Ever since the publishment of CoFiNet (NeurIPS21'), many works roughly follow the pipeline and revise some of the modules, including GeoTransformer(CVPR22'), OIF-Net (NeurIPS22'), PEAL (CVPR23'), etc. Although these works widely adopt self-attention and cross-attention for coarse matching, however, CoFiNet and GeoTransformer adopt global cross-attention for feature aggregation, which inevitably attends to similar yet irrelevant areas, resulting in misleading feature aggregation and inconsistent correspondences. Additionally, these methods focus on matching among very coarse nodes without considering geometric consistency, which is not tight enough for fine matching. Instead, we focus on feature aggregation among semi-dense features leveraging both local and global geometric consistency to tackle the sparsity and looseness of coarse matching. To be specific, our consistency-aware self-attention only attends to salient nodes sampled from a global compatibility graph, while our spot-guided cross-attention only attends to nodes selected based on local consistency.
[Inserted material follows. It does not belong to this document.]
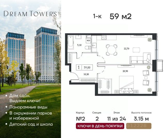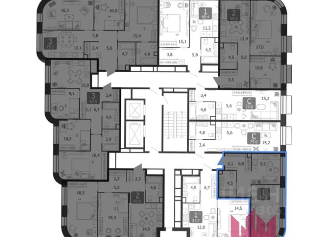 Среди планировочных решений представлены разнообразные форматы: от функциональных студий до просторных 4-комнатных квартир и апартаментов площадью от 22 до 105 м². Высокие потолки усиливают ощущение простора, а продуманные планировки включают мастер-спальни, гардеробные, угловые окна, объединённые кухни-гостиные и несколько санузлов.

We believe this is a novel way to introduce geometric consistency to feature aggregation rather than outlier rejection such as PointDSC and SC2-PCR.
More importantly, our overall design using a complex coarse matching module and a very lightweight fine matching module is motivated by the efficiency, accuracy and scalability requirements from real-time applications such as LiDAR odometry and SLAM. In a LiDAR odometry system, it is a consensus that the real-time frame-to-map registration is essential for accuracy, instead of frame-to-frame registration as we do in this task. However, all of the existing coarse-to-fine methods fail to achieve real-time performance. Moreover, their fine matching tightly couples with coarse matching, which requires node-based partitioning and really time-consuming optimal transport for patch-to-patch correspondences. Therefore, existing methods are not scalable to SLAM. We believe the key is only using a lightweight fine matching process, because coarse matching is not necessary in odometry with a small pose deviation. Hence, we design a sparse-to-dense fine matching pipeline allowing independent deployment without coarse matching to meet these requirements, which can efficiently establish virtual correspondences for any point and their neighbors in the other point cloud. Moreover, we validate the feasibility of this scheme using a learnable inlier classifier instead of existing time-consuming pose estimators (RANSAC, PointDSC, MAC, etc). Nevertheless, coarse matching is essential for place recognition and global re-localization in SLAM without real-time requirement, hence we introduce the consistency to it to make the whole system robust for large-scale pose deviation.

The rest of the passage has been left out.